A Framework for Generating Semantically Ambiguous Images to Probe Human and Machine Perception
This work addresses the challenge of bridging human psychophysics and machine vision interpretability for researchers in AI and cognitive science, though it is incremental as it builds on existing CLIP and generative models.
The authors tackled the problem of comparing human and machine perception of ambiguous images by developing a framework that generates continuous spectra of semantically ambiguous images using CLIP embeddings, and found that machine classifiers are more biased towards seeing 'rabbit' while humans align more closely with the CLIP embeddings, with the guidance scale affecting human sensitivity more strongly.

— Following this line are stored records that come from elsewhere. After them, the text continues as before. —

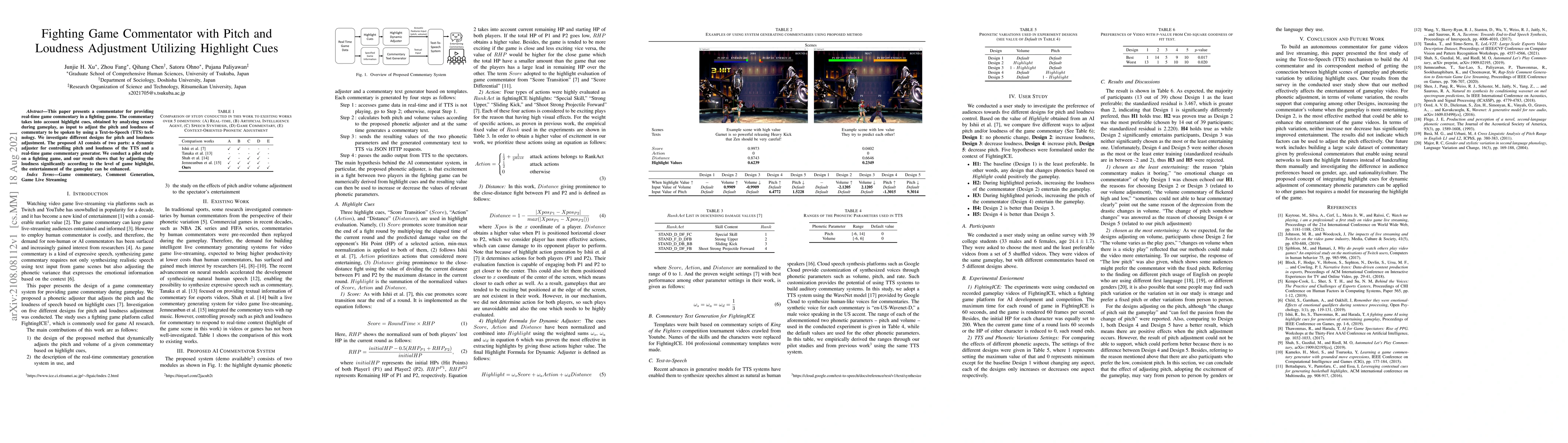 This paper introduces a commentator system for fighting games that uses highlight cues to dynamically adjust the pitch and loudness of real-time commentary via Text-to-Speech technology. The system enhances gameplay entertainment by significantly altering commentary loudness based on the level of game highlights, as demonstrated in a pilot study.
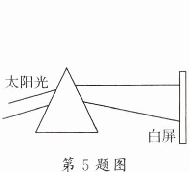 5. 如图所示,让一束太阳光照射三棱镜,射出的光射到竖直放置的白屏上。以下说法正确的是(
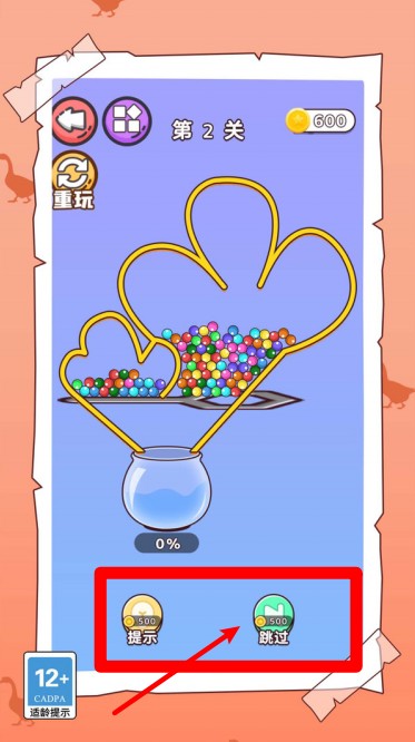 1.遇到卡关时可点击提示或跳过选项,消耗金币即可触发功能,这关不简单支持多种通关方式让玩家轻松过关不受挫。
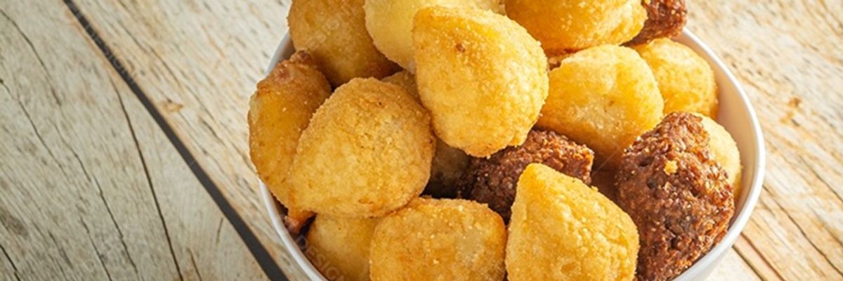 Croquete tamanho salgado de festa.

The classic duck-rabbit illusion reveals that when visual evidence is ambiguous, the human brain must decide what it sees. But where exactly do human observers draw the line between ''duck'' and ''rabbit'', and do machine classifiers draw it in the same place? We use semantically ambiguous images as interpretability probes to expose how vision models represent the boundaries between concepts. We present a psychophysically-informed framework that interpolates between concepts in the CLIP embedding space to generate continuous spectra of ambiguous images, allowing us to precisely measure where and how humans and machine classifiers place their semantic boundaries. Using this framework, we show that machine classifiers are more biased towards seeing ''rabbit'', whereas humans are more aligned with the CLIP embedding used for synthesis, and the guidance scale seems to affect human sensitivity more strongly than machine classifiers. Our framework demonstrates how controlled ambiguity can serve as a diagnostic tool to bridge the gap between human psychophysical analysis, image classification, and generative image models, offering insight into human-model alignment, robustness, model interpretability, and image synthesis methods.